Saturday, June 4, 2011

Midnight in Paris Review


Midnight in Paris Review

The thought of visiting your favorite time period, and visiting with the visionaries of the time is a concept that everyone considers at one time in their life. The new Woody Allen film, Midnight in Paris, is an insightful and charming look at this concept.

Owen Wilson plays Gil, a hack screenwriter who dreams of becoming a great novelist. He visits Paris with his Fiancee (Rachel McAdams) and her family.Visiting Paris feeds his dream of becoming a great writer in the most poetic city in the world.  He is in love with the notion of living in 1920s Paris, surrounded by the brilliance of expatriate writers and artists, and of course all this must be in the rain.

One evening after a wine tasting, a slightly inebriated and lost Gil finds himself alone on a Parisian street corner, as the clock strikes twelve.  As the bells chime, a 1920s Peugeot, pulls up and transports Gil to the 1920s.  When Gil realizes that he is actually visiting the past, experiencing his wildest fantasies, he becomes immediately entranced. He basks in the ambiance, and soaks in the wisdom of his idealistic golden age. Gil continues to visit the 1920s meeting and interacting with the contemporary visionaries of the time. The film is difficult to describe but it is lovely and the less you know the better. It is full of insight and quotable soundbites, and you will leave the theater with an appetite for life.

Woody Allen films are a genre in itself. He has made 41 films and all of them have familiar elements, from the credits to the characters you can find benchmarks and touchstones in all of them. His films are almost always personal to him in some way shape or form, and hit or miss, they provide us with some insight into his genius.  In this case, you have to believe that Woody Allen, has fallen in love with Paris, and this love has given inspiration to a beautifully insightful and philosophical film experiences in the last decade. Equal parts entertaining and literate, unlike so many movies today, so expect to be challenged and stimulated intellectually.

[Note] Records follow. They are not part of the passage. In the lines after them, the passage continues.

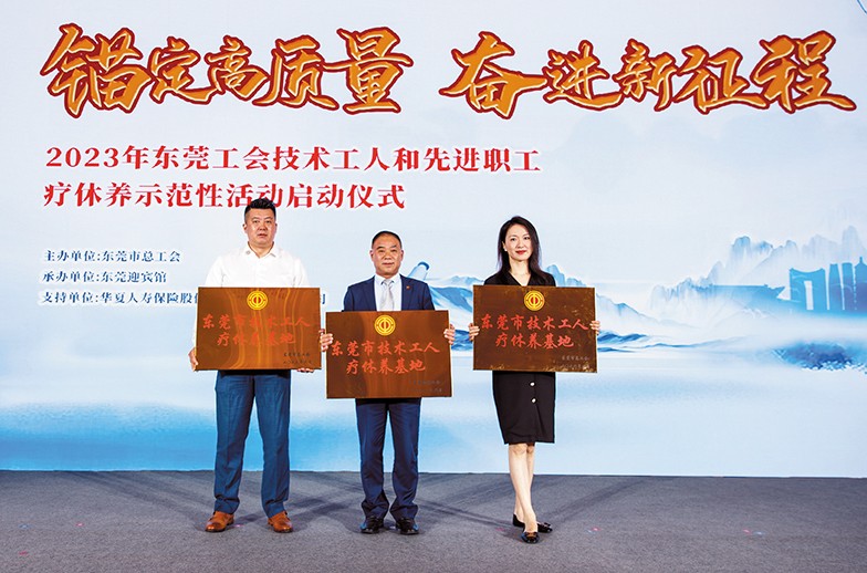 9.6月14日上午,東莞市總工會(huì)在東莞迎賓館舉行了2023年?yáng)|莞工會(huì)技術(shù)工人和先進(jìn)職工療休養(yǎng)活動(dòng)啟動(dòng)儀式。活動(dòng)中,市人大常委會(huì)副主任、市總工會(huì)主席羅軍文為入選“東莞市技術(shù)工人療休養(yǎng)基地”的12家單位頒發(fā)了牌匾。我集團(tuán)旗下三家酒店均榮譽(yù)入選“東莞市技術(shù)工人療休養(yǎng)基地”,橋頭三正半山酒店總經(jīng)理李啟清、樟木頭三正半山酒店總經(jīng)理施文靜、塘廈三正半山溫泉酒店副總經(jīng)理潘林等出席,并分別代表各自酒店上臺(tái)接受了牌匾。
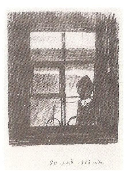 ‘Op een keer wilde Petrakov gaan slapen, maar hij ging naast het bed liggen. Hij kwam zo hard op de grond terecht dat hij bleef liggen en niet meer kon opstaan. Daarop verzamelde Petrakov zijn laatste krachten en ging op handen en voeten zitten. Maar zijn krachten begaven het en hij viel weer op zijn buik en bleef liggen. Petrakov lag een uur of vijf op de grond. Eerst lag hij daar maar zo, daarna viel hij in slaap. De slaap sterkte Petrakovs krachten. Hij werd volkomen gezond wakker, stond op, liep heen en weer door de kamer en ging voorzichtig op het bed liggen. Zo, denkt hij, nu ga ik eens even slapen. Maar slapen lukt niet meer. Petrakov wentelt zich van de ene zij op de andere en kan maar niet in slaap komen.
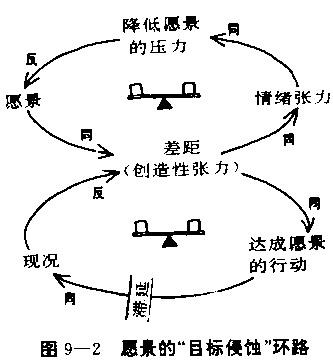 在第七章与第八章中,情绪张力是侵蚀神奇科技与人民航空目标的肇因。创造性张力与情绪张力的互动是一种“目标侵蚀”的环路,如图9—2所示。
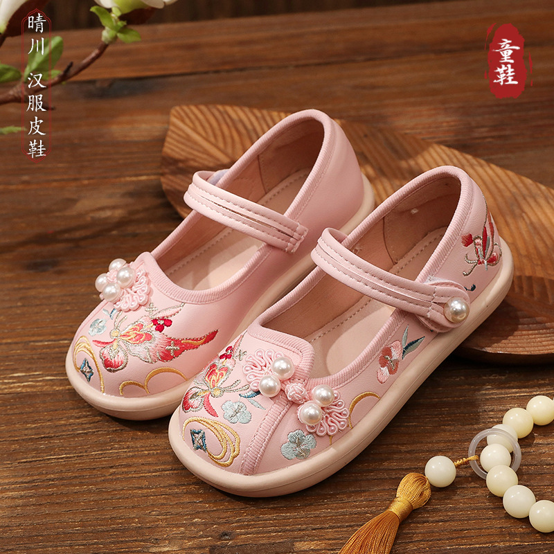 Новая детская обувь в этническом стиле, традиционная обувь с вышивкой для девочек, обувь династии Хань, нескользящая детская кожаная обувь на мягкой подошве, обувь с вышивкой
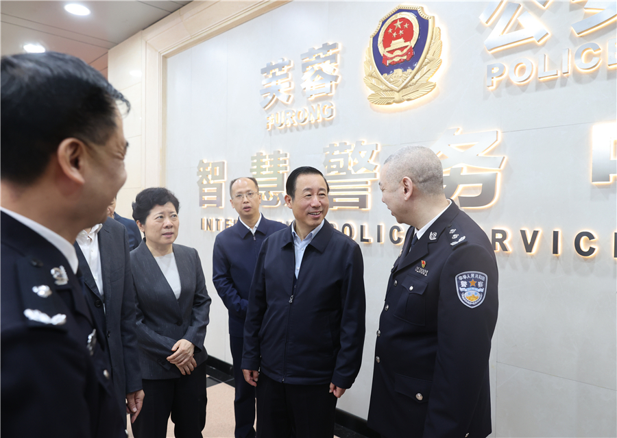 4月21日上午,省委书记、省人大常委会主任、省政法队伍教育整顿领导小组组长许达哲在长沙检查政法队伍教育整顿工作。图为许达哲考察芙蓉公安分局智慧警务中心。
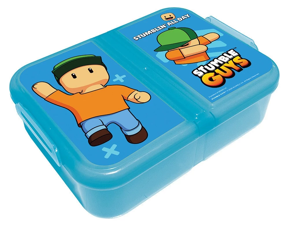 Végre nem csak a telefonon vagy PC-n lehetnek veled kedvenc Stumble Guys karaktereid, hanem ebben apraktikus uzsonnásdoboz formájában is. Mennyivel könnyebb az iskolakezdés, ha a kedvenc játékod szereplői is elkísérnek. Ha gyermeked imádja a Stumble Guys játékot, ez a színes és vidám mintás uzsidoboz garantáltan a kedvence lesz! A doboz több rekesszelrendelkezik, így az uzsonnának és egy kis nasinak is jut hely.
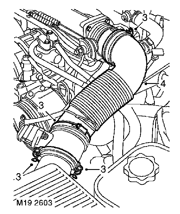 3. Position air intake hose, secure MAF sensor clips and tighten intake hose clips.
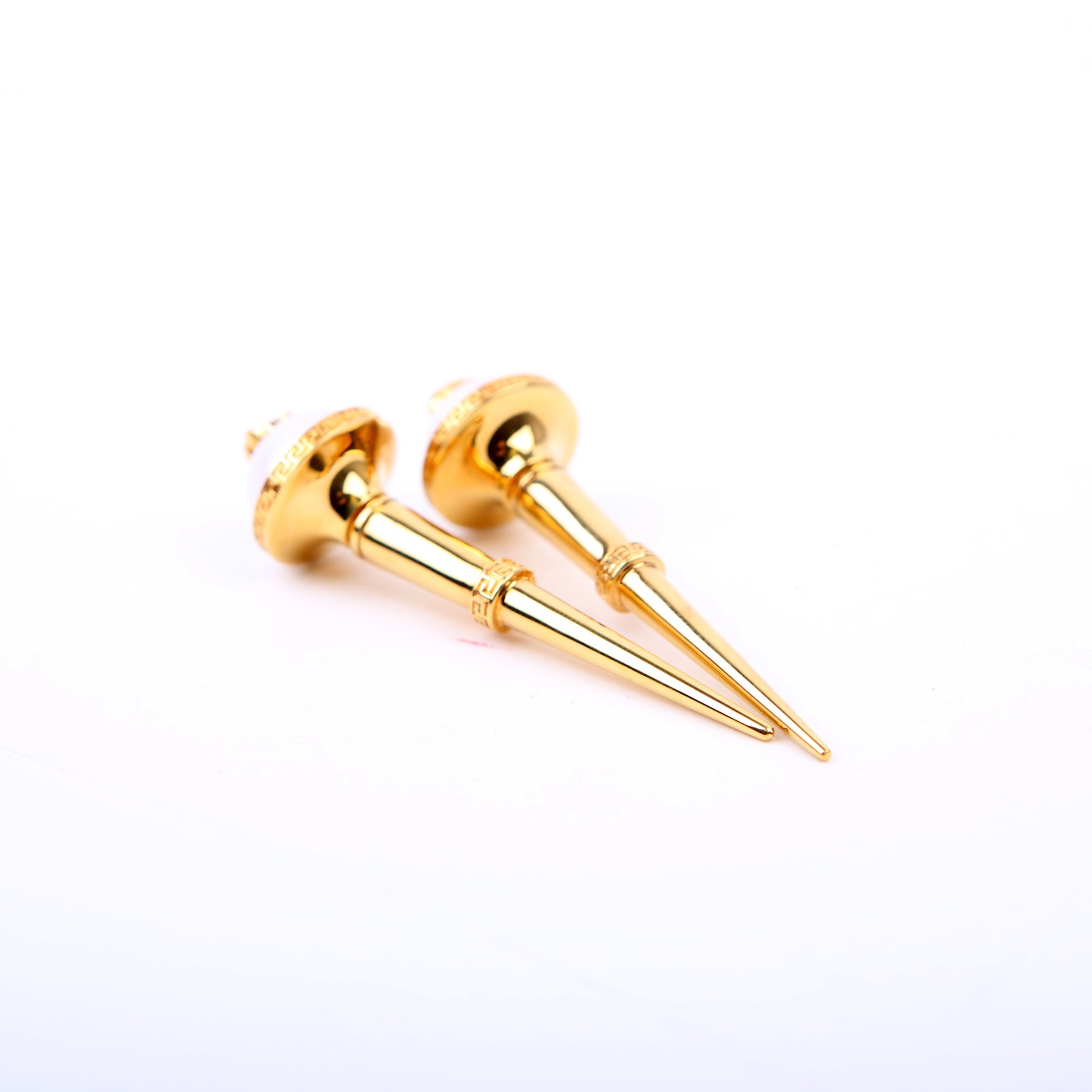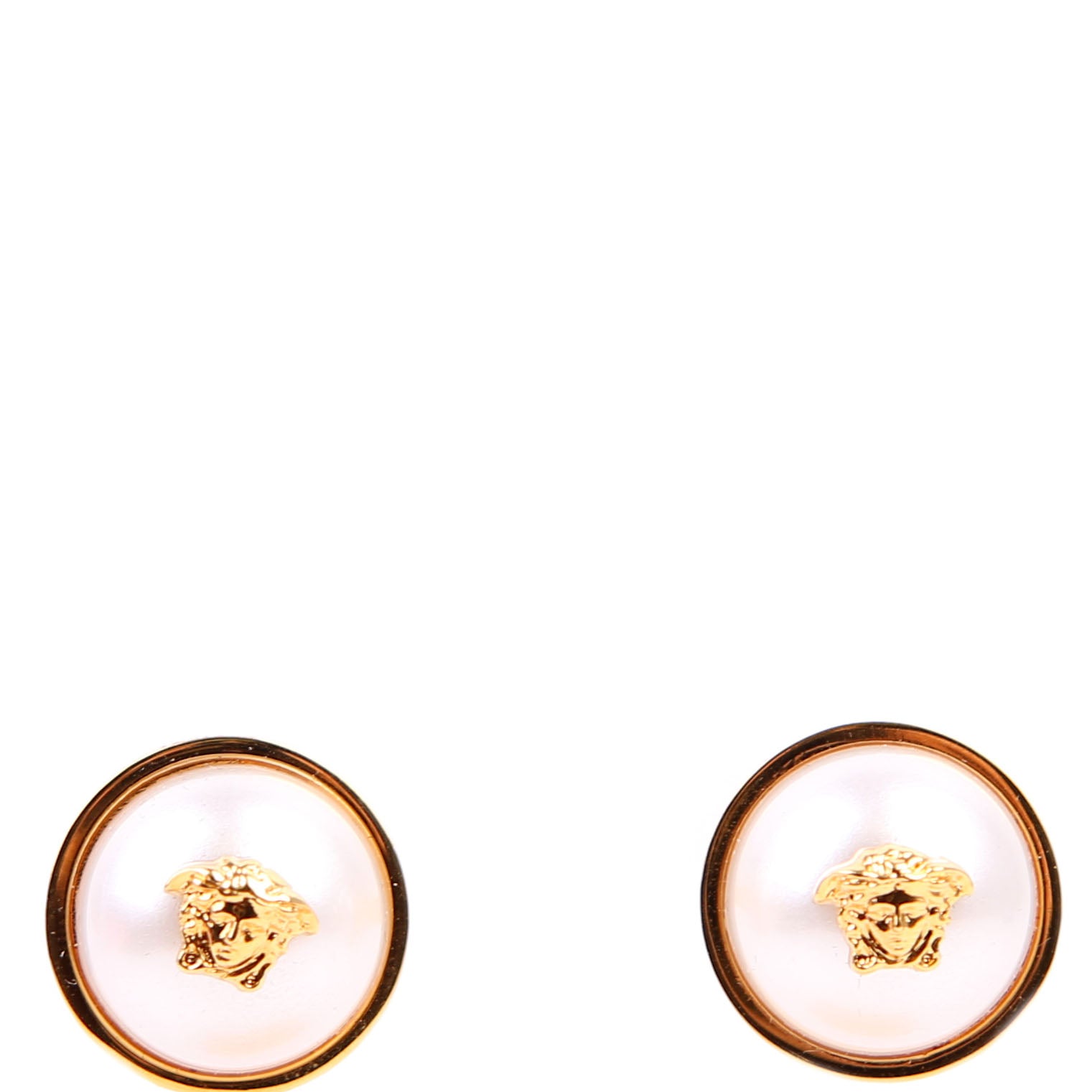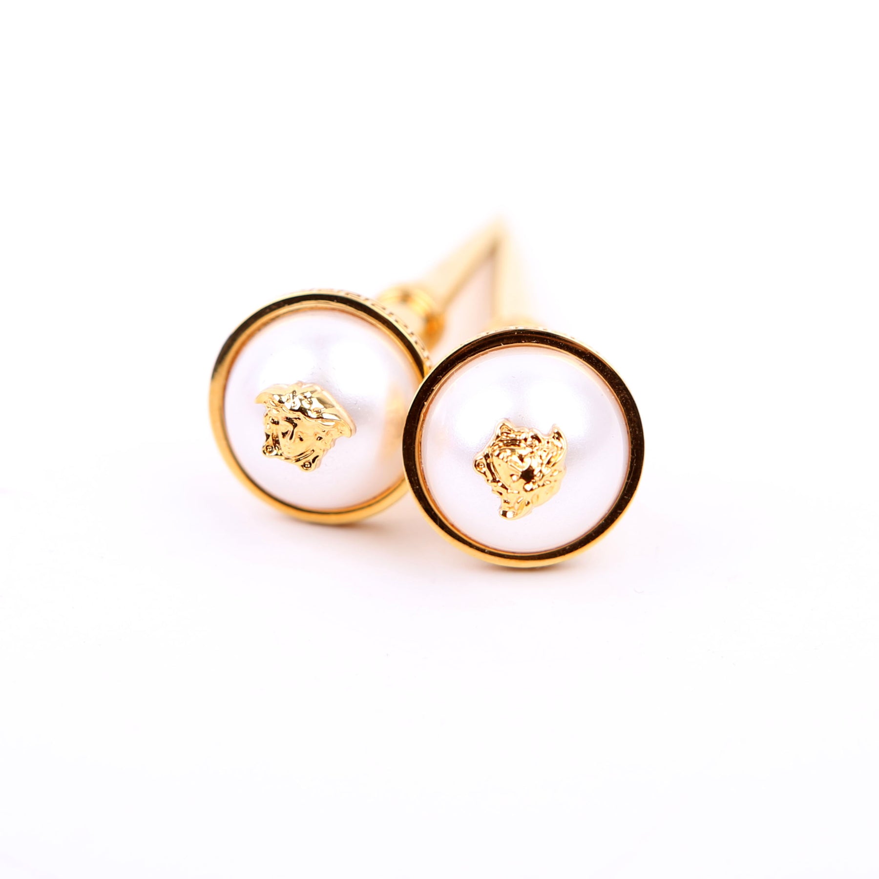 These pre-owned Versace Medusa Faux Pearl Spike Stud Earrings are guaranteed 100% authentic.

A major theme in the movie is that "nostalgia is denial of a painful present." The thought that even the best of times are only beautiful in hindsight. Of course there is also the notion that those who are nostalgic for the greatness of times past are short sighted in realizing that the time they live in will one day be nostalgia for some future romantic, who would love to live in our time, especially in the rain.